Pete’s fingers had moved within her clasp and Rose had known she had done the right thing.

The doctor had nodded his head, said that he would see himself out and that she was to call him if she felt she needed to. They had had two hours, not a long time in which to say all that Rose wanted to say, but somehow
it had been enough. She had told him of her guilt, and her sorrow, she had asked for his forgiveness and given him her own, and once she had started to open her heart to him the words had flowed in a cleansing healing flood that washed away what wasn’t needed.

She had talked of the first time they had met, the night they had spent together, and she had seen him smile at her with the side of his face that could still move.

She had seen that he was sinking, his skin becoming soft and waxen, and she had got up from the bed to go to the windows and open them wide. Wasn’t it said that the soul needed to fly free?

It had taken her only seconds, but when she returned to the bed she could see that he had slipped further away from her.

She had held his hand, told him how special he was, and then kissed his forehead as he breathed his last breath.

They had never spoken of his death or his wishes, but somehow it had been as though they had and that she knew beyond any doubting what to do.

There had been a simple church service, and then a wake that was a magnificent celebration of his life to the sound of his music and the voices of those who remembered him best.

Life was such a precious gift. Rose smiled again at Josh.

They had agreed that she would sell the house and that they would be together without making any concrete plans. There wasn’t any need. They knew their own hearts
too well to need them. It was enough that they were together.

‘I still feel I’ve let you down.’

‘Well, you haven’t,’ Janey told John fiercely. ‘Marrying you has brought me so much happiness, John.’

‘When I damn near bankrupted us?’

‘You’ve given me something far more important than money. You’ve given me love, John. You’ve loved me without asking anything of me other than that I love you back. We’re so lucky, we’ve got each other and the boys, and Fitton.’

She would never, Janey promised herself, let him know just how frightened she had been or how much it had shocked her to discover that he could be vulnerable and weak, just as she could herself. More than ever now John needed to be her hero, her knight in shining armour–for his sake, not hers. She was the strong one now, the one on whom he depended, not the other way around. Swings and roundabouts, that was marriage, Janey thought to herself.

‘Have you told Emerald yet that she isn’t going to be the only one adding to the next generation?’ Oliver murmured in Ella’s ear.

‘I think everyone knows, though I am only just three months,’ Ella reminded him.

‘Mmm. I think I can remember the exact night,’ Oliver teased her.

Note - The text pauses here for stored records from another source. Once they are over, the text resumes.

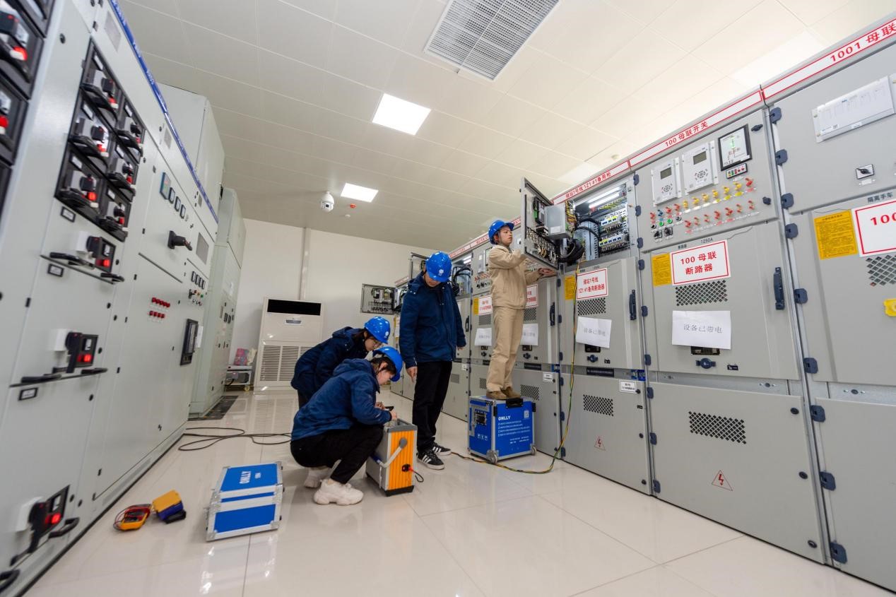 Technicians conduct an acceptance inspection of protective devices of electrical equipment at an electrochemical energy storage power station in Nanjing Jiangbei New Area, east China’s Jiangsu province, March 1, 2022. (People’s Daily Online/Du Yi)
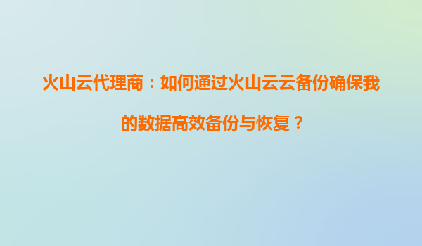 2025-09-17火山云云備份:數據高效備份與恢復的最佳實踐 一、為什么選擇火山云云備份? 在數字化轉型浪潮中,數據已成為企業核心資產。火山云云備份服務憑借其強大的技術實力和完善的基礎設施,為用戶提供安全、高效、可...
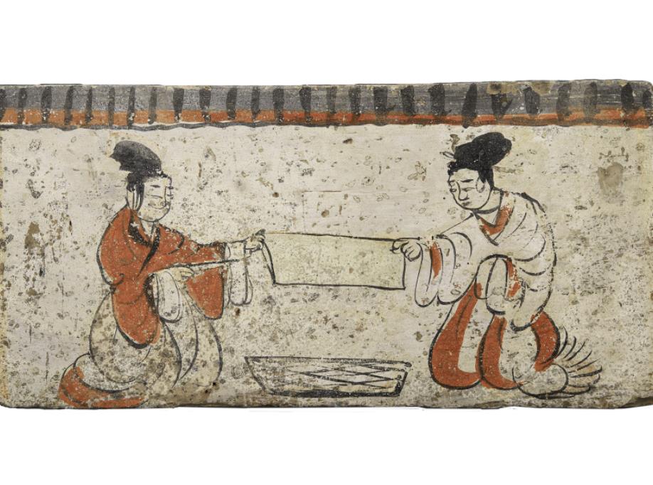 Pictorial brick depicting cutting of cloth, Wei and Jin dynasties (220-420), from the collection of Gaotai County Museum in Zhangye, Gansu province [Photo/Museum of Wu official WeChat account]

Amber surveyed her family. So many years, so much love, she could almost feel it in the air, like the soft warm
wind of the South of France, carrying with it the mental images and memories of all those now gone who had played their part in creating the children and grandchildren who were here today, and carrying with it too their love.

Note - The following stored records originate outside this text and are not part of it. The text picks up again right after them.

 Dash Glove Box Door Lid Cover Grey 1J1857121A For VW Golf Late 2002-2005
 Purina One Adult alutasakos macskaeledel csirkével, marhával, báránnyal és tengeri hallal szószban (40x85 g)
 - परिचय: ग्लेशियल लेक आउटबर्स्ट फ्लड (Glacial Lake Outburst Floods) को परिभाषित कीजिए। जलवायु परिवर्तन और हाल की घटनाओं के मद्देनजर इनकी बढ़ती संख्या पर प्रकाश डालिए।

Love didn’t die. It was always there, a rainbow dance just out of sight like laughter on the wind.

‘This would have made Robert so happy and proud.’

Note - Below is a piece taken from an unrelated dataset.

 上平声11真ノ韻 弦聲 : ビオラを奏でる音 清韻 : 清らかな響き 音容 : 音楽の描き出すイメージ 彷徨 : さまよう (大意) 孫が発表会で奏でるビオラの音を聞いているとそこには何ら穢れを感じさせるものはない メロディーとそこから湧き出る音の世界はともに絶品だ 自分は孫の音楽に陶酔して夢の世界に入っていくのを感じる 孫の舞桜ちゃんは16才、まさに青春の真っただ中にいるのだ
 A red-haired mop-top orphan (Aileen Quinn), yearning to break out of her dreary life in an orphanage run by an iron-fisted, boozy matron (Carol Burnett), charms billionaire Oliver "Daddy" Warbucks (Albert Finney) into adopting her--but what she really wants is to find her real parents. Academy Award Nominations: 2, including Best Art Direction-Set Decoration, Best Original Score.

The sound of her husband’s voice had her looking at him with love and gratitude.

‘So you sense it too?’ she asked him. ‘You sense like me that Robert knows, that he and Luc know and share in this, in the family?’

Jay knew her so well; she never needed to explain things to him. She knew he would understand why she wanted to include her first husband and the son she had lost in today’s joy.

It was Emerald who, seeing her mother and her stepfather smiling at one another, went over to her own husband and whispered something to him, so that a few minutes later, with everyone’s glass refilled, Drogo raised his own to say warmly, ‘Another toast, this time to Amber, who is responsible for all of this, and all of us–in one way or another.’ His hand swept in an amused gesture, followed by appreciative laughter.

‘Amber.’

‘Mama.’

‘Grandma.’

Please let them all always have today’s happiness, Amber thought protectively. Please let them all have love.